Ecole Normale Supérieure ENS Constantine, Constantine, Algeria.
Centre de Recherche en Sciences Pharmaceutiques CRSP, Constantine, Algeria.
J Biomol Struct Dyn. 2024 Jan-Feb;42(1):119-133. doi: 10.1080/07391102.2023.2192801. Epub 2023 Mar 30.
Inhibition of human mitochondrial peptide deformylase (HsPDF) plays a major role in reducing growth, proliferation, and cellular cancer survival. In this work, a series of 32 actinonin derivatives for HsPDF (PDB: 3G5K) inhibitor's anticancer activity was computationally analyzed for the first time, using an study considering 2D-QSAR modeling, and molecular docking studies, and validated by molecular dynamics and ADMET properties. The results of multilinear regression (MLR) and artificial neural networks (ANN) statistical analysis reveal a good correlation between pIC50 activity and the seven (7) descriptors. The developed models were highly significant with cross-validation, the Y-randomization test and their applicability range. In addition, all considered data sets show that the AC30 compound, exhibits the best binding affinity (docking score = -212.074 kcal/mol and H-bonding energy = -15.879 kcal/mol). Furthermore, molecular dynamics simulations were performed at 500 ns, confirming the stability of the studied complexes under physiological conditions and validating the molecular docking results. Five selected actinonin derivatives (AC1, AC8, AC15, AC18 and AC30), exhibiting best docking score, were rationalized as potential leads for HsPDF inhibition, in well agreement with experimental outcomes. Furthermore, based on the study, new six molecules (AC32, AC33, AC34, AC35, AC36 and AC37) were suggested as HsPDF inhibition candidates, which would be combined with and studies to perspective validation of their anticancer activity. Indeed, the ADMET predictions indicate that these six new ligands have demonstrated a fairly good drug-likeness profile.

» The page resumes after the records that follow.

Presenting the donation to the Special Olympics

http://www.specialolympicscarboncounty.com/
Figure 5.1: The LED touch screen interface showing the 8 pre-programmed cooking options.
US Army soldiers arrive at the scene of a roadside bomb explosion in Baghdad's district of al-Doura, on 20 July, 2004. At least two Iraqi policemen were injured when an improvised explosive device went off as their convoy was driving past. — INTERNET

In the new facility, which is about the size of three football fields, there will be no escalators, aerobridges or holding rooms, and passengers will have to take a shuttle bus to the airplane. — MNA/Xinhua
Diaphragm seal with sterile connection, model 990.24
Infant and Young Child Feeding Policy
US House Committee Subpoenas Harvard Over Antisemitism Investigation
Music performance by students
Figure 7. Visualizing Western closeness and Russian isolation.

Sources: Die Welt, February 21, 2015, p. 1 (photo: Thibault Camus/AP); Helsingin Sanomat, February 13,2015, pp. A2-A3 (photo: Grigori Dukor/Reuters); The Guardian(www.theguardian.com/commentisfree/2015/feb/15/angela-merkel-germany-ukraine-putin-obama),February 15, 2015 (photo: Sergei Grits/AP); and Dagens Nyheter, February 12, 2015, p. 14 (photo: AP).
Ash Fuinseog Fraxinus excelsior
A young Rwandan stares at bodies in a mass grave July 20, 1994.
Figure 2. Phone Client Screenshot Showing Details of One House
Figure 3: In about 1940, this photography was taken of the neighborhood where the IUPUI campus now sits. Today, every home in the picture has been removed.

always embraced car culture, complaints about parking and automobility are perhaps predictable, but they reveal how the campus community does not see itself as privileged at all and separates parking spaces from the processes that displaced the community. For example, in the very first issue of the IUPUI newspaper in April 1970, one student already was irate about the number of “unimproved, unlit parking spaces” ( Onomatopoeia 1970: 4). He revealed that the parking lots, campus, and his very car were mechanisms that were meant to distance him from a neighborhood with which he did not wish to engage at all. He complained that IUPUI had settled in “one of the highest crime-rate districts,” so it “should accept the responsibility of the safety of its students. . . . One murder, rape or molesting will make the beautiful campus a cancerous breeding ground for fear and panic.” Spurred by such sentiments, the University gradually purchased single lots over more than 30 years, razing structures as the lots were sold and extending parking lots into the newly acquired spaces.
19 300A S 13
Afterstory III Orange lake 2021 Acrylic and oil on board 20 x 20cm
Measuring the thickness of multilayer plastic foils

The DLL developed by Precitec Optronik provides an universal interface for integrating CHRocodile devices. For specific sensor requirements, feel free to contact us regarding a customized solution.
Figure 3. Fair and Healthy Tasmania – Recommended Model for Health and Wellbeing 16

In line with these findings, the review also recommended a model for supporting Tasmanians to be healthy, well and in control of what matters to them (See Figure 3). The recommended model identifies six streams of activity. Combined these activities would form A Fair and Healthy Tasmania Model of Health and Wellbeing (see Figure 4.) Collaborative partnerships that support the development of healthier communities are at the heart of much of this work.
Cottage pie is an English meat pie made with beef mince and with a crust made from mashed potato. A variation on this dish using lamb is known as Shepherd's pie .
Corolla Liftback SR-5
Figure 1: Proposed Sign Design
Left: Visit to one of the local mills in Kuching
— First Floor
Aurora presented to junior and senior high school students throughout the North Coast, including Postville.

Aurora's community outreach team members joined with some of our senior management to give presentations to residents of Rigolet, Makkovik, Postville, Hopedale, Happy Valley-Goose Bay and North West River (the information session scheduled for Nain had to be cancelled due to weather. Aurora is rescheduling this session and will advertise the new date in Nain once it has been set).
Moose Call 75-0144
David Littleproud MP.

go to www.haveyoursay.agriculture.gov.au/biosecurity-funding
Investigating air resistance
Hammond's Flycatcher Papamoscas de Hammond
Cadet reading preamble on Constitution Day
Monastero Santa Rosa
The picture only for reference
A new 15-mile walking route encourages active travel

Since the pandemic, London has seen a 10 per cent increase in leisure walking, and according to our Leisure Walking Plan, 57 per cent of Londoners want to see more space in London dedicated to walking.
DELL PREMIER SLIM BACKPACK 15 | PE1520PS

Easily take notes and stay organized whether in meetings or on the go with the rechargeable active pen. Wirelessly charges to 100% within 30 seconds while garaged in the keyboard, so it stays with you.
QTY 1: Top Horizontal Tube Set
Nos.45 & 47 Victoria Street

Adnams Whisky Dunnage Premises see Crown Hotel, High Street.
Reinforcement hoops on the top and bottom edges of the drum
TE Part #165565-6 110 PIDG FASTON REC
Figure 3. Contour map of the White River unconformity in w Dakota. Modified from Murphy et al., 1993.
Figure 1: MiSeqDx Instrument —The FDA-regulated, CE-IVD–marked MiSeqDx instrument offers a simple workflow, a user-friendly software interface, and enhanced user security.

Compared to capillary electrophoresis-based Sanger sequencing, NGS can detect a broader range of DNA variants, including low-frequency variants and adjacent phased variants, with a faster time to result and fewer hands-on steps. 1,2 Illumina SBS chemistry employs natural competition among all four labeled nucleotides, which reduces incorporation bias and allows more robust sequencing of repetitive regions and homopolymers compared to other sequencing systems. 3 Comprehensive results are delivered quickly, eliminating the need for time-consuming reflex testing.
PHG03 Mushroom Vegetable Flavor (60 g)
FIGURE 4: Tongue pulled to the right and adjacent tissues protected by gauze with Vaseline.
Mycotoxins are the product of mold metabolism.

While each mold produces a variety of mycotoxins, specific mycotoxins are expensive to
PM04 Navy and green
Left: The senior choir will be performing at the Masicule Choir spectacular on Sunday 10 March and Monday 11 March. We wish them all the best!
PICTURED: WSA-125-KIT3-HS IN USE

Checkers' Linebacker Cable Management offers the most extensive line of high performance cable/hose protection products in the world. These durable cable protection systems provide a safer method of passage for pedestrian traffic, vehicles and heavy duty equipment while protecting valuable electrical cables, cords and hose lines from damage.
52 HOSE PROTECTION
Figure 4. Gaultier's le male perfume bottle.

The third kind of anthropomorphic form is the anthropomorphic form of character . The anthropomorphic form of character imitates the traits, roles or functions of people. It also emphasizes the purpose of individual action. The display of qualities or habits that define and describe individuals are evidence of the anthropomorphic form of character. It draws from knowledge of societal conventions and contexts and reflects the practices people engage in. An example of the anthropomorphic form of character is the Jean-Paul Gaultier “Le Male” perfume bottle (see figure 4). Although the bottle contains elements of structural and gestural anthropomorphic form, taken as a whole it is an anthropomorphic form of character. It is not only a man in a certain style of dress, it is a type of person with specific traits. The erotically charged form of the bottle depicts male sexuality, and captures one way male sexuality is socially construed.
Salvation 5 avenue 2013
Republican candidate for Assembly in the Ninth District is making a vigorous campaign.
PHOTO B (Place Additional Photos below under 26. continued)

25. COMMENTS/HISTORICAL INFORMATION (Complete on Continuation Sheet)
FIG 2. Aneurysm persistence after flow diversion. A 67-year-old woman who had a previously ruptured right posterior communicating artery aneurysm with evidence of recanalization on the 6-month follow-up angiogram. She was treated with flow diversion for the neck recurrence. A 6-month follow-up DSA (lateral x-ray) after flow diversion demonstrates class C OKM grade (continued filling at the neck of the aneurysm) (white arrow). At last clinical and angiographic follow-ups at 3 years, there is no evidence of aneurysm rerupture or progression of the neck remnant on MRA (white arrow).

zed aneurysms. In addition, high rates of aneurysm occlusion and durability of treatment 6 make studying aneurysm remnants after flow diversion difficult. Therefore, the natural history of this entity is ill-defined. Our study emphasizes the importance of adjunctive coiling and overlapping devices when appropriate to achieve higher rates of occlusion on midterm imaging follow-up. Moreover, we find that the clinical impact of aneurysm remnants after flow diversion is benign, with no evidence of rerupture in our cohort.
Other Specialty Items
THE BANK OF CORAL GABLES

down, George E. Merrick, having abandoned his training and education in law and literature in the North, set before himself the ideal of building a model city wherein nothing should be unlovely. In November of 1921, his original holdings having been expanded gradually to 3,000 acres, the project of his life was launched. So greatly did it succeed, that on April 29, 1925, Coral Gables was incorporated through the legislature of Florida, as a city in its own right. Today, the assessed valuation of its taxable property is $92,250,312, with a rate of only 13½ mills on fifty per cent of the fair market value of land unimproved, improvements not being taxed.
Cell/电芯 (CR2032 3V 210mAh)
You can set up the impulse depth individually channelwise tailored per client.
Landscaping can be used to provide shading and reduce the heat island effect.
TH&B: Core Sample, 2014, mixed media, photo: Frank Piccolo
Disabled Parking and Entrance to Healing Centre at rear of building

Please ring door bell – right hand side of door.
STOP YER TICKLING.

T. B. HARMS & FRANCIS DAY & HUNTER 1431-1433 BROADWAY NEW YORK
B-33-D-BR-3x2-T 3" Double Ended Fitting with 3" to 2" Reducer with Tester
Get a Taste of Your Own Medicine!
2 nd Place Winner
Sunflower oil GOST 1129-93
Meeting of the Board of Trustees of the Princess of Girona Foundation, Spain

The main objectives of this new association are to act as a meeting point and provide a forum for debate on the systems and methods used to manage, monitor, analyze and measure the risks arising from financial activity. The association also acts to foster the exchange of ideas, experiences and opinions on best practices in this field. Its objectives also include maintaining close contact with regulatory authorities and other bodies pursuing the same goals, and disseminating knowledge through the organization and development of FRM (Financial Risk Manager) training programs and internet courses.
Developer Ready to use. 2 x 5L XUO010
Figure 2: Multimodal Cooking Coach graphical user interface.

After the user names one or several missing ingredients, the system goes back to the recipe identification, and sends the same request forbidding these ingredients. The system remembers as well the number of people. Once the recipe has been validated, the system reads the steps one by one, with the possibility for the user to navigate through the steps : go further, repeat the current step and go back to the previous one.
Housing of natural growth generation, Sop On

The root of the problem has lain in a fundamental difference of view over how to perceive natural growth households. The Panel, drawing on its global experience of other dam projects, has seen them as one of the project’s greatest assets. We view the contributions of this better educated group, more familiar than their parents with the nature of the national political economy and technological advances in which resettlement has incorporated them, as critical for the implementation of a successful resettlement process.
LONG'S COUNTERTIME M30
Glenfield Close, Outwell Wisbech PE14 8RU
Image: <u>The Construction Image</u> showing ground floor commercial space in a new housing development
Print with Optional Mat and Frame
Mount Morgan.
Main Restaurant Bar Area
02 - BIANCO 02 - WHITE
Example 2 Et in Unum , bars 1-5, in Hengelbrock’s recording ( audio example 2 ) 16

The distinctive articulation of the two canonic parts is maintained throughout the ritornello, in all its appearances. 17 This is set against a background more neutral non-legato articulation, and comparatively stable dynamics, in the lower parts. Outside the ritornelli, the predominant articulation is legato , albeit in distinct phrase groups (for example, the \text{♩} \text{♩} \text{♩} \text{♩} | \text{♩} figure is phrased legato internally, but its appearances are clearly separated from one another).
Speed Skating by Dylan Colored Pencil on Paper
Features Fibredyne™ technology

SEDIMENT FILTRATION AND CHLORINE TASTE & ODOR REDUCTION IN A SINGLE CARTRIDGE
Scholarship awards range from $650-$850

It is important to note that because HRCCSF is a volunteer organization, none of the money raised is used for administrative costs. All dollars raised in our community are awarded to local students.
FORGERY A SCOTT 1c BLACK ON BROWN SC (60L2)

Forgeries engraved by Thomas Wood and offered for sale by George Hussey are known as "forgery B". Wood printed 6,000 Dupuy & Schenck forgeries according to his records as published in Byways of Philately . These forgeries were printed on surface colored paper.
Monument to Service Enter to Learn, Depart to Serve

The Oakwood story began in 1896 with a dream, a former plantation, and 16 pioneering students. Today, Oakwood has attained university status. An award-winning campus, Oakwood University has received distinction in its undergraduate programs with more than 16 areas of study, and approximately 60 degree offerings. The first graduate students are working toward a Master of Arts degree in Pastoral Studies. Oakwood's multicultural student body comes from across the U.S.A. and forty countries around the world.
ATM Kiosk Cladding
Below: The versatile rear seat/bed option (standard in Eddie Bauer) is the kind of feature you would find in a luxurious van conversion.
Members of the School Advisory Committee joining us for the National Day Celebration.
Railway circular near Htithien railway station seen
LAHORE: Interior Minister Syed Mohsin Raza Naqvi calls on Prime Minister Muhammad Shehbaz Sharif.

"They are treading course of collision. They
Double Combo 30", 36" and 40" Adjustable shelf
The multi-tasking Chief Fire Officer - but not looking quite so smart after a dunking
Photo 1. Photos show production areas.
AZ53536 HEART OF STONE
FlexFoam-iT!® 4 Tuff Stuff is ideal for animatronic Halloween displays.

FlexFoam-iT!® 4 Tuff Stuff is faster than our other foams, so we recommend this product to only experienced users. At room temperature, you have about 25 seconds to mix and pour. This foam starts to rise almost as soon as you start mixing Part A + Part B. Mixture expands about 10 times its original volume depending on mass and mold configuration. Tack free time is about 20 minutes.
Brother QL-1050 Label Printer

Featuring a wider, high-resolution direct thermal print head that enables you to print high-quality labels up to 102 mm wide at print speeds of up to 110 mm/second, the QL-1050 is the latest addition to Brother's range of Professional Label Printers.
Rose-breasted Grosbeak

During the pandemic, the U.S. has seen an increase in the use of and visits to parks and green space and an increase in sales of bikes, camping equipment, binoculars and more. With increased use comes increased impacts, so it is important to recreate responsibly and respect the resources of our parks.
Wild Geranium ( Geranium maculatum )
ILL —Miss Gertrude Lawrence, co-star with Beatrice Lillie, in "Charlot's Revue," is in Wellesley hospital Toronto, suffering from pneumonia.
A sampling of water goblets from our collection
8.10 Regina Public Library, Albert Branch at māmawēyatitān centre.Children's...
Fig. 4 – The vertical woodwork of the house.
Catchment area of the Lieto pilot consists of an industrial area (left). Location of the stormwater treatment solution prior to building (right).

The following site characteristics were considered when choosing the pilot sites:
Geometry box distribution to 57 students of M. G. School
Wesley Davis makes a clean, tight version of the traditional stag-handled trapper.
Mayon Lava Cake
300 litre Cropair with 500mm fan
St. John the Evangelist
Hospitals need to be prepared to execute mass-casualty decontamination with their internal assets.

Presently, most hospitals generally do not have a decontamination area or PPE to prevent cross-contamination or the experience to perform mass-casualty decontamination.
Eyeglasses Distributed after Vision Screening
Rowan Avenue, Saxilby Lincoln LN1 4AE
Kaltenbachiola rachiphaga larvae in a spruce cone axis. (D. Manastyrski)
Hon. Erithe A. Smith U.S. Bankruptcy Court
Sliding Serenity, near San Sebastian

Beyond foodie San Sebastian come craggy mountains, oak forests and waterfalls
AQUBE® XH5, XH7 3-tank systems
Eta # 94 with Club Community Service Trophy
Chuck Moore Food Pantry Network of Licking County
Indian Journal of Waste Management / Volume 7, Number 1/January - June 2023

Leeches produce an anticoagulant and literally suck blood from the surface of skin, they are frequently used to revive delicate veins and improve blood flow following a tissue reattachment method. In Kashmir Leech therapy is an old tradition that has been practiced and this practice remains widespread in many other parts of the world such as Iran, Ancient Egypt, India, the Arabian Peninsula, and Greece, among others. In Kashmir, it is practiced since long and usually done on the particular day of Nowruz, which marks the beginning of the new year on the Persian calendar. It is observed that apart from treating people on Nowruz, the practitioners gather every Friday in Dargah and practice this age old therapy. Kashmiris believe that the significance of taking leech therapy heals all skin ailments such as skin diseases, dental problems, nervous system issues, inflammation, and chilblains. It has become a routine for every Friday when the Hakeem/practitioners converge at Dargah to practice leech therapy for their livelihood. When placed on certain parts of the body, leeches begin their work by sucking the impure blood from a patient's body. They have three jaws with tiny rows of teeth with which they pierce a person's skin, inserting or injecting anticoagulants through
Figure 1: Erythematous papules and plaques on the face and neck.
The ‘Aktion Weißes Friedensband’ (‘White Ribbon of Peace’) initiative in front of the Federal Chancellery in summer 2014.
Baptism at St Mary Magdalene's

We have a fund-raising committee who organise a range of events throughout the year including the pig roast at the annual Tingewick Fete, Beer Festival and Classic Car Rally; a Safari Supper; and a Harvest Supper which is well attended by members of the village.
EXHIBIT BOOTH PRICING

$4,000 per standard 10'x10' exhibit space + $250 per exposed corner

人线粒体肽脱甲酰酶(HsPDF)的抑制在降低生长、增殖和细胞癌症存活方面起着主要作用。在这项工作中,首次使用考虑二维定量构效关系(2D-QSAR)建模、分子对接研究以及分子动力学和 ADMET 性质验证的方法,对 32 种针对 HsPDF(PDB:3G5K)抑制剂的抗肿瘤活性的放线菌素衍生物进行了计算分析。多元线性回归(MLR)和人工神经网络(ANN)统计分析的结果表明,pIC50 活性与 7 个描述符之间存在良好的相关性。所开发的模型具有高度的显著性,经过交叉验证、Y 随机化测试及其适用性范围的验证。此外,所有考虑的数据组都表明,AC30 化合物表现出最佳的结合亲和力(对接得分=-212.074 kcal/mol,氢键能=-15.879 kcal/mol)。此外,在 500 ns 时进行了分子动力学模拟,确认了在生理条件下研究复合物的稳定性,并验证了分子对接结果。五种选择的放线菌素衍生物(AC1、AC8、AC15、AC18 和 AC30),具有最佳的对接得分,被合理化作为 HsPDF 抑制的潜在先导化合物,与实验结果非常一致。此外,基于这项研究,提出了六个新的分子(AC32、AC33、AC34、AC35、AC36 和 AC37)作为 HsPDF 抑制的候选物,它们将与 和 研究相结合,以验证其抗肿瘤活性。事实上,ADMET 预测表明,这六个新配体具有相当好的药物样特征。